Gerry Regep: Court's revival of UIC law professor's claim is good news for constitutional rights
A recent decision by the United States Court of Appeals for the 7th Circuit has important implications for academic freedom and free speech in college classrooms. At the heart of the case is Jason Kilborn, a tenured law school professor who has taught at University of Illinois Chicago School of Law for more than a decade.
Kilborn sued the school after UIC put him on administrative leave and conducted a full investigation into a question he posed to students on an exam.
On his final exams, Kilborn used to include a fictional case involving workplace discrimination. To reflect the real-world experiences that soon-to-be lawyers may encounter, his exam asked students to evaluate a fictional scenario in which an employee was called various slurs by her managers. The exam censored the full slurs, and Kilborn had used the same question for years. That is until 2020, when some students got upset at the question and reported him to the dean.
Despite his attempts to resolve the situation, a university investigation ensued. Kilborn was placed on administrative leave, drug-tested, barred from campus, denied a raise and required to complete an eight-week diversity training program before he was allowed to return to the classroom. In response, Kilborn filed state and federal claims against the university for violating his constitutionally protected academic speech.
University officials filed a motion to dismiss Kilborn's case, arguing he failed to state a claim for relief, and the district court agreed, dismissing the federal parts of the lawsuit. Once granted, the district court declined to exercise jurisdiction over Kilborn's remaining state law claims and dismissed them without prejudice. The district court held that Kilborn's speech was not constitutionally protected because it did not address a matter of public concern.
In March, in Kilborn v. Amiridis, the 7th Circuit reversed the lower court's decision with respect to Kilborn's First Amendment claim. It held that Kilborn had adequately stated a claim and sent the case back to the district court, signaling that public university professors have remedies for legal relief when their First Amendment rights are violated in the classroom setting.
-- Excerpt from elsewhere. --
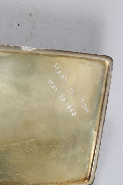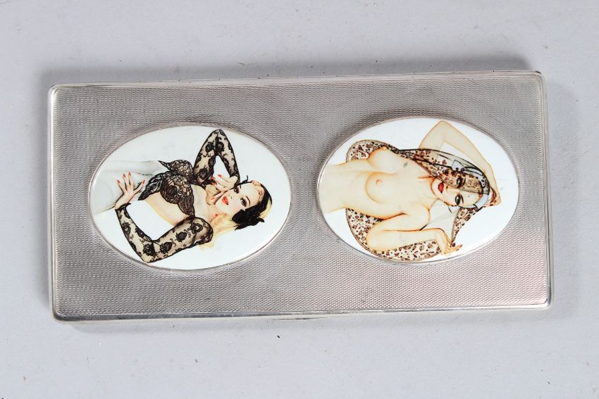 7ins x 3.25ins. Birmingham 1948, set with two oval glamour model plaques.
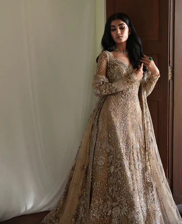 'Dazzle in reine’s golden splendor with its paneled frock, where Persian garden-inspired motifs bloom across silk with double-colored foil print. The sweetheart neckline opens to a canvas of exquisite hand-embellishments, zardosi, mukaish, crystals, and pearls, telling tales of opulence. The hem border radiates with silver handwork creepers and precise laser detailing, while the sequined four-sided dupatta captures light with every movement, framed by silver lace and delicate pearl handwork.

The decision reaches far beyond one professor's law school exam. The question remains: Can a university truly be a marketplace of ideas if a professor risks being sanctioned for using hypothetical scenarios that reflect the messy, uncomfortable realities their students may face?
Notably, the U.S. Supreme Court in Garcetti v. Ceballos held that public employees have no First Amendment protection for speech made pursuant to their official duties — but it expressly declined to address whether that rule applies to a professor's academic scholarship or teaching. The 7th Circuit declined to apply Garcetti in this case because 'expression related to academic scholarship or classroom instruction implicates additional constitutional interests.' By issuing its decision, the 7th Circuit joins several other circuits in holding that Garcetti's rule does not extend to a professor's scholarship and teaching.
Although Kilborn's claim may still fail on the merits, this decision is a win for academic freedom and free speech supporters alike, and may have implications for other pending cases involving university faculty.
At a time when professors walk a tightrope between fostering robust debate and fostering inclusion in their classrooms, the Kilborn decision sends the message that professors should not have to choose between their careers and their constitutional rights.